Probabilistic inferences under maximum entropy for Description Logics
Loading...
Date
2024
Authors
Journal Title
Journal ISSN
Volume Title
Publisher
Abstract
In practical applications of knowledge-based systems, handling uncertain knowledge is crucial. Probability theory provides a widely accepted and rigorous framework for formalizing uncertainty and deriving reliable inferences. Probability-based approaches to knowledge representation and reasoning are used in fields such as medicine, for example in diagnostics, and economics, including fraud detection. A common challenge with many probabilistic methods, like Bayesian Networks and Markov Logic Networks, is the need for a fully specified probability distribution. The principle of maximum entropy (MaxEnt) offers a solution to this issue. It enables the inductive completion of an underspecified probability distribution, typically provided as a probabilistic knowledge base, by ensuring that the information content of the MaxEnt distribution is minimal among all possible extensions. This results in cautious and principled reasoning, which is essential in the aforementioned application areas.
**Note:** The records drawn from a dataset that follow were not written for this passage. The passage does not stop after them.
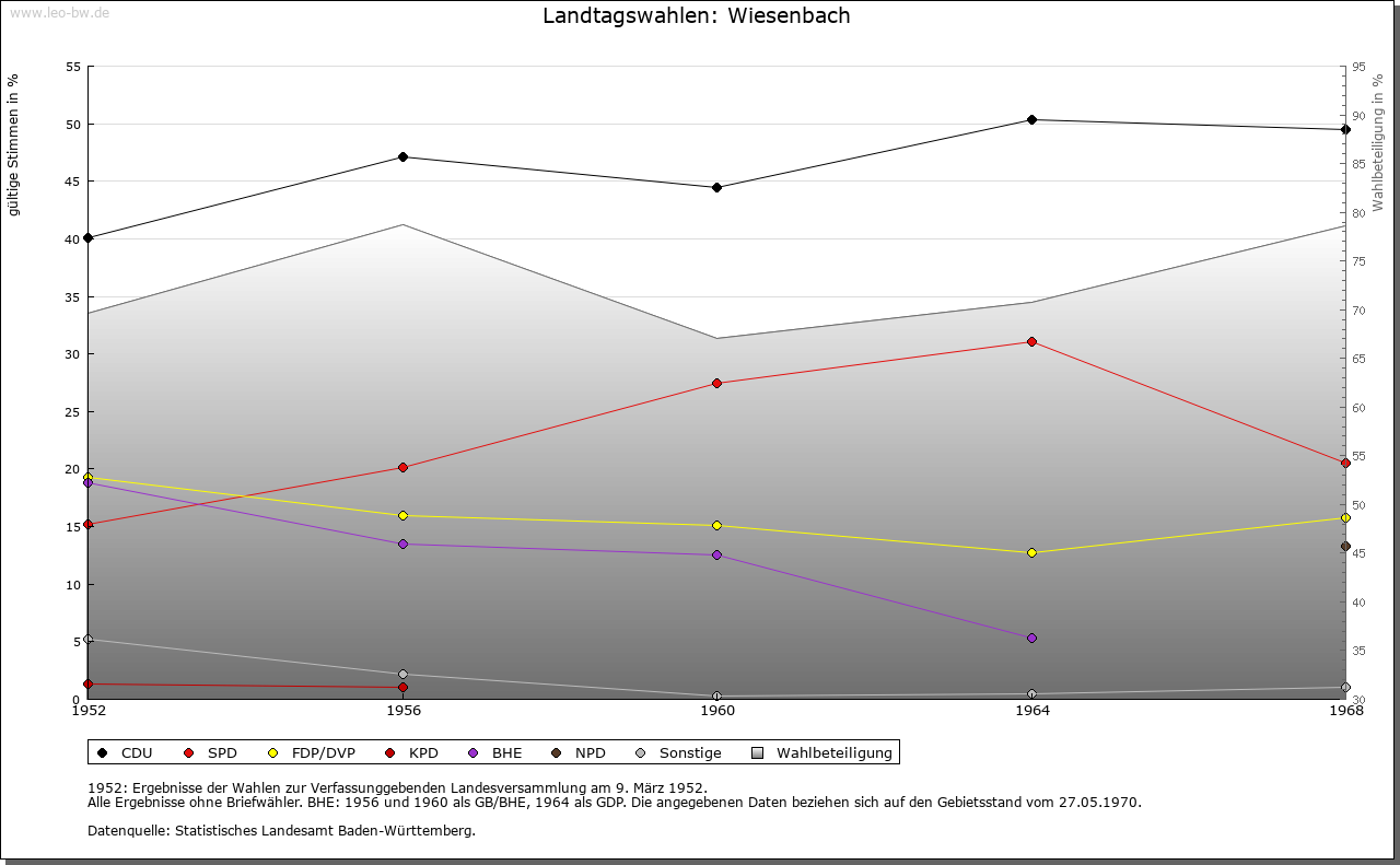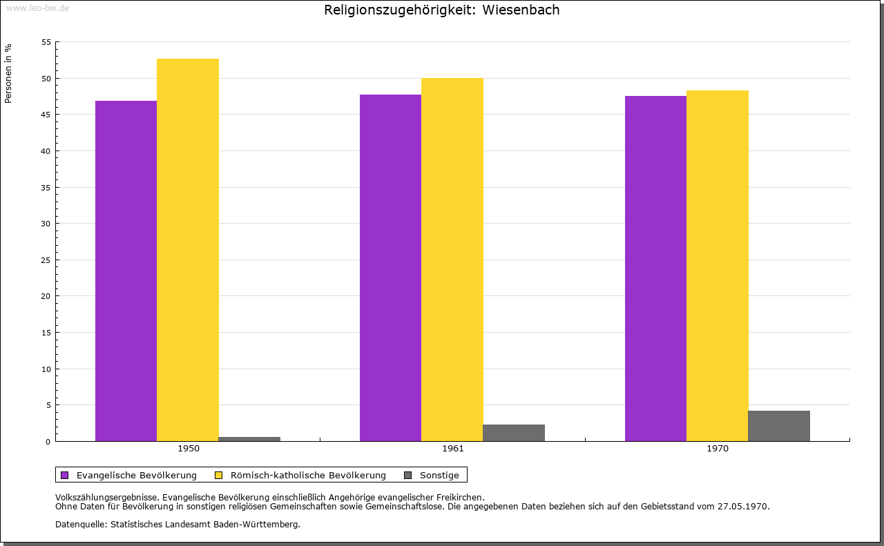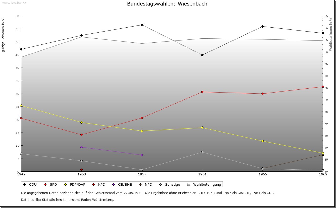 | Geschichte: | 764 Wisinbach (Fälschung 12. Jahrhundert), 1229 Wisenpach, von Wiese (?). Ausbauort der Karolingerzeit. Abgegangene Burg südöstlich des Orts Vorgänger des Dilsbergs, im Besitz der Grafen von Lauffen, wohl von diesen im 12. Jahrhundert mit Grundbesitz an Kloster Ellwangen geschenkt, das die bisherige Propstei Schriesheim, eine reine Güterverwaltung, dorthin verlegte. Die Ortsherrschaft mit dem Dilsberg, die Oberhoheit mit der Meckesheimer Zent um 1330 an die Pfalz. 1803 badisch, Amt Neckargemünd, 1857-1863 Amt Eberbach, dann Heidelberg. |
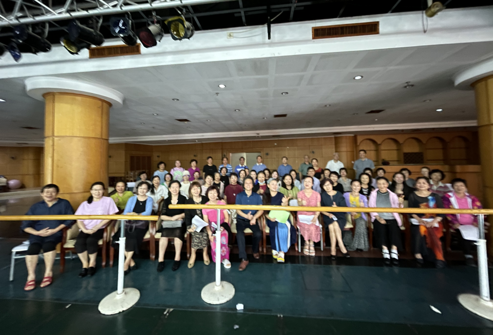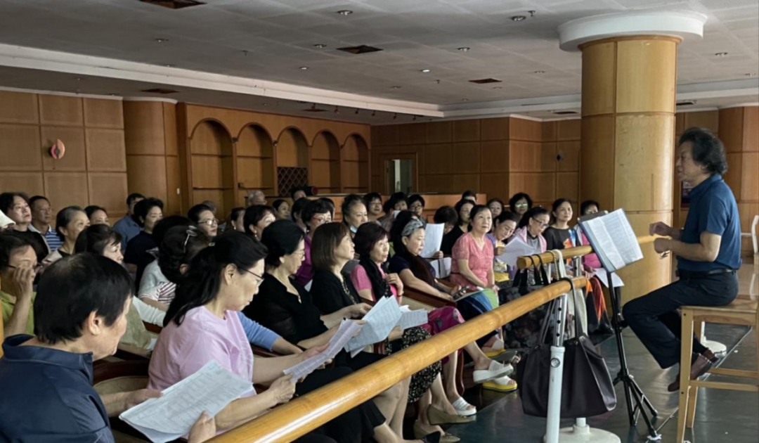 首次排练有近50位老师参加,老师们相见无比兴奋,共叙情谊,现场气氛热烈,大家感谢学生部为秋韵艺术合唱团的排练提供了活动场所。在合唱团指挥王昌逵老师、声乐指导叶桂兰老师的指导下,大家进行了声乐训练和合唱作品《不忘初心》的排练。
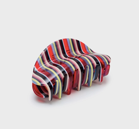 This medium sized hair claw is super versatile and works for all hair types and textures. Made from high quality acetate; a durable, plant based bio-plastic. Metal hardware is lead and nickel-free. Slight variations will appear with pattern, color and form due to the handmade nature of the product. Measures approx 3.5"L x 1.75"H x 1.75"D Color: multicolor stripe, red, yellow, blue, black, silver tone hardware
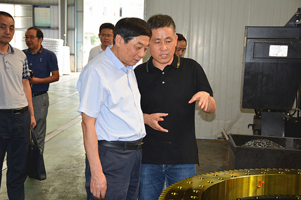在經(jīng)緯公司總經(jīng)理楊世宏陪同下,魏主任首先步入生產(chǎn)車間,先后察看了回轉(zhuǎn)支承加工和裝配現(xiàn)場,同時不忘詢問企業(yè)產(chǎn)品結(jié)構(gòu)、市場開發(fā)、員工收入以及科技創(chuàng)新等詳細(xì)情況,楊世宏總經(jīng)理一一作答。當(dāng)聽到經(jīng)緯公司正在為“三一重工”、“中聯(lián)重工”等著名企業(yè)提供配套產(chǎn)品;同時還建有全省獨(dú)一無二的“蝸輪驅(qū)動工程技術(shù)研究中心”;員工收入在經(jīng)開區(qū)企業(yè)中位列中上等;參與建設(shè)的內(nèi)蒙古達(dá)拉特旗光伏“駿馬”電站近期入選世界吉尼斯紀(jì)錄,成為世界上最大的光伏板圖形電站等一些具有代表性的成就時,魏主任高興地稱贊到:沒想到經(jīng)緯公司做得這么好。

The application of the principle of maximum entropy is well-understood for probabilistic knowledge bases consisting of propositional conditional rules of the form "if A holds, then B holds with probability p." However, in practice, one is often interested in uncertain statements which can be formulated satisfactorily by using richer formal languages only. These are, in particular, statements about properties of individuals and objects, as well as their relationships with one another. Relational logics and Description Logics are formal logics well-suited for representing this type of ontological knowledge. Consequently, this thesis explores probability-based reasoning under the principle of maximum entropy for probabilistic conditional knowledge bases formulated over relational logics or Description Logics. A key challenge here is that the underlying probability space grows exponentially with the domain size, i.e., the number of individuals and objects, which transforms the principle of maximum entropy, already known as a black-box approach, into a true "monster" of complexity.
This thesis centers on a structured analysis of and efficient reasoning with probabilistic knowledge bases for large domains under the principle of maximum entropy. A major contribution is the development of "typed model counting", which establishes a formal framework for these analyses. Typed model counting extends knowledge compilation methods, such as those from "first-order model counting", to handle conditional statements effectively. Comparable advanced compilation methods have been developed for conditional knowledge bases only in limited cases, such as in the form of "weighted conditional impacts".
Typed model counting yields a highly compact representation of the information needed to compute the MaxEnt distribution from a knowledge base. This compact form necessitates new, problem-specific methods for calculating the MaxEnt distribution. Thus, a second major contribution of this thesis is the development of "condensed iterative scaling", an adaptation of the generalized iterative scaling algorithm, which again is a numerical method designed to approximate log-linear models like the MaxEnt distribution. Condensed iterative scaling is tailored specifically to the output produced by typed model counting.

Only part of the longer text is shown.